Every Moment

Yesterday, a friend of mine had her world turned completely destroyed.  I use the word friend loosely as we were friends in high school, but ran in different circles and if it wasn’t for Facebook would probably never “talk”.  Regardless of how close we aren’t–she still is someone who matter to me in the sense that we live in a “village.”  I think that is the beauty of social media–it allows us to connect with others and rebuild the village.  Even if the support or friendship is only cursory–it still matters.

Yesterday my friend’s husband was killed in a traffic accident on his regular commute to work.  He swerved to avoid hitting a dead deer in the middle of the lane, lost control and hit a concrete pillar of an overpass.  A senseless tragedy has left this woman and her teen-aged sons completely devastated.

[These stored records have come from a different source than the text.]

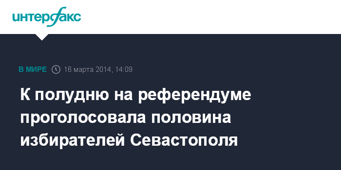 Москва. 16 марта. INTERFAX.RU - К 12.00 к избирательным урнам пришла половина избирателей Севастополя и сделала свой выбор на общекрымском референдуме, сообщил журналистам и.о. главы города Дмитрий Белик.
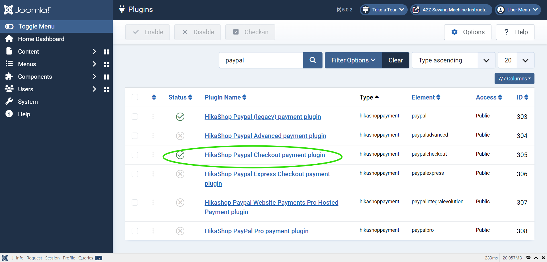 How do I get all the plugins to show up inside Hikashop administration.
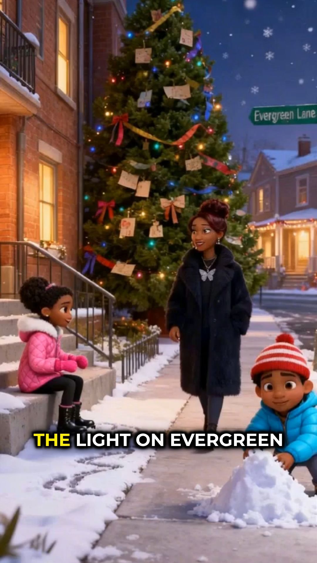 THE LIGHT ON EVERGREEN LANE At the center of Evergreen Lane stood a tall evergreen
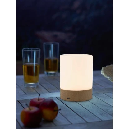 Zur Beleuchtung kommen sechs warmweiße und fest integrierte LEDs zum Einsatz, die mit 250 lm und 2.700 bis 3.000 K überzeugen. Die Leuchte verfügt über eine Lebensdauer von 20.000 Stunden. Der eingebaute Schalter sorgt für eine einfache und schnelle Bedienung. Mit ihm kann die Leuchte zudem in 3 Stufen gedimmt werden. Über das enthaltende USB-Ladekabel kann sie aufgeladen und anschließend flexibel platziert werden. Dank der Schutzart IP 44 ist die Tischleuchte spritzwassergeschützt.
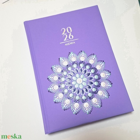 Pontozott mandalás határidőnapló, 2026-os, lila, kék és fehér mintával
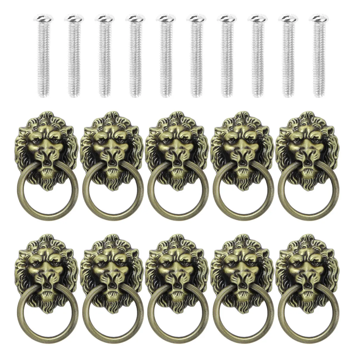10 шт. антикварная ручка с головой льва, дверная ручка с крепежными винтами.
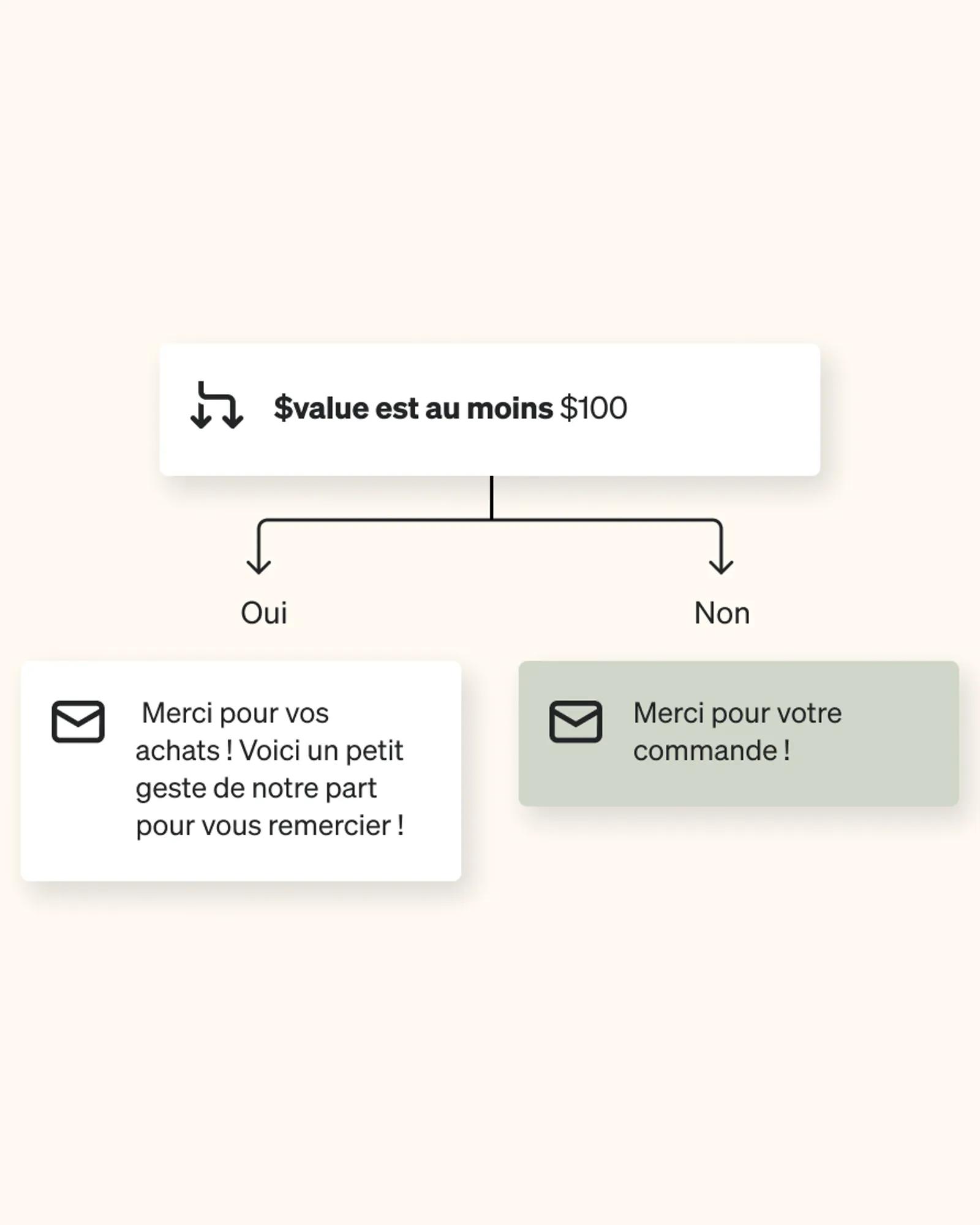 Ajoutez un fractionnement avec déclencheur à un flux basé sur un indicateur ou une baisse de prix pour créer différents parcours en fonction de la valeur de la commande, des remises appliquées, du nombre d’articles achetés, etc.
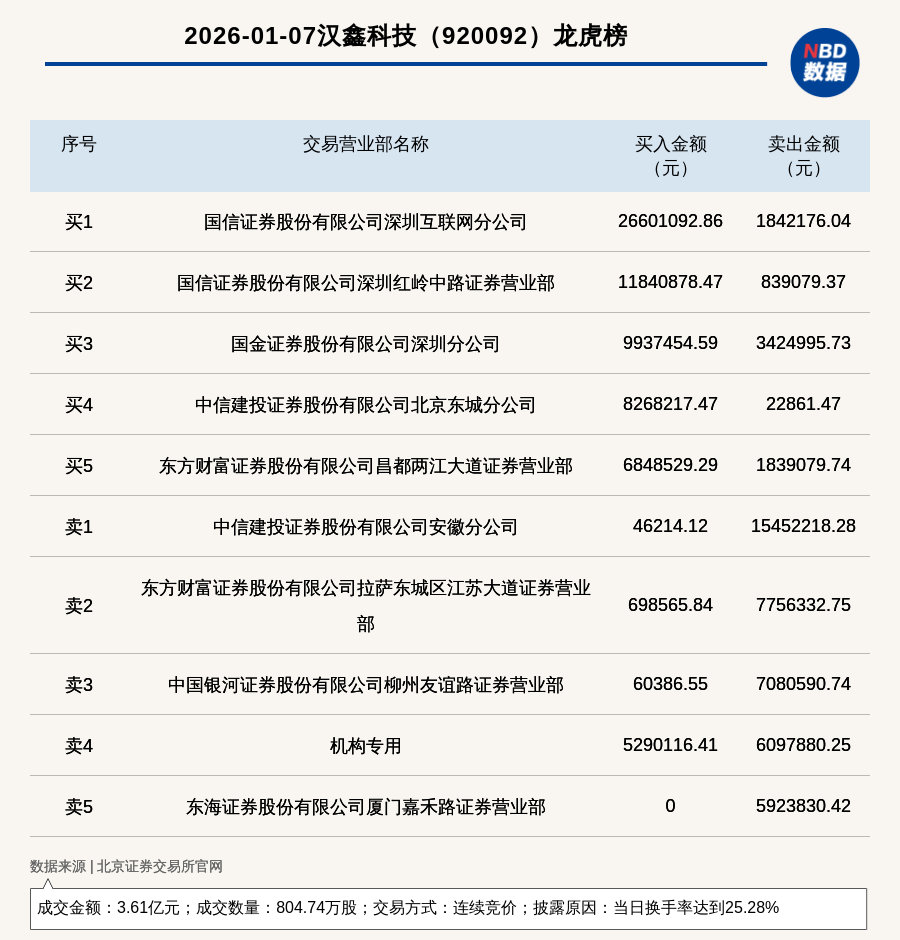 每經(jīng)訊,2026年1月7日,北交所上市公司漢鑫科技(920092,收盤價(jià):43.68元)登上龍虎榜,交易方式是連續(xù)競價(jià),披露原因是當(dāng)日換手率達(dá)到25.28%,成交數(shù)量804.74萬股,成交金額3.61億元。買一席位為國信證券股份有限公司深圳互聯(lián)網(wǎng)分公司,買入2660.11萬元;賣一席位為中信建投證券股份有限公司安徽分公司,賣出1545.22萬元。
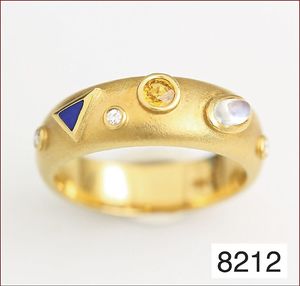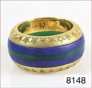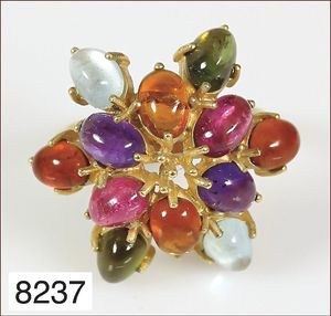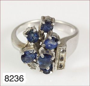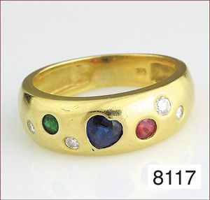 Ring, GG 750/000, Rubin, Saphir u. Smaragd (alle Steine facettiert), Brillanten ca. 0,11 ct, weiß, RW ca. 48,5

I cried this morning as I read her glorious tribute to the love of her life and the father of her children.  I thought of my own children and my own husband.  I thanked the universe for all of my blessings.  I thanked the universe that I have my husband to hug tonight and wake up to in the morning (even on those days he drives me completely insane) because I don’t know that I could manage the alternative.

So, today I curse the universe for taking away a father, a son, a husband and a best friend, but at the same time thank the universe that I still have mine.

Life is too short and I need to remember to not take any moments for granted.  Because in a blink of an eye they could be gone.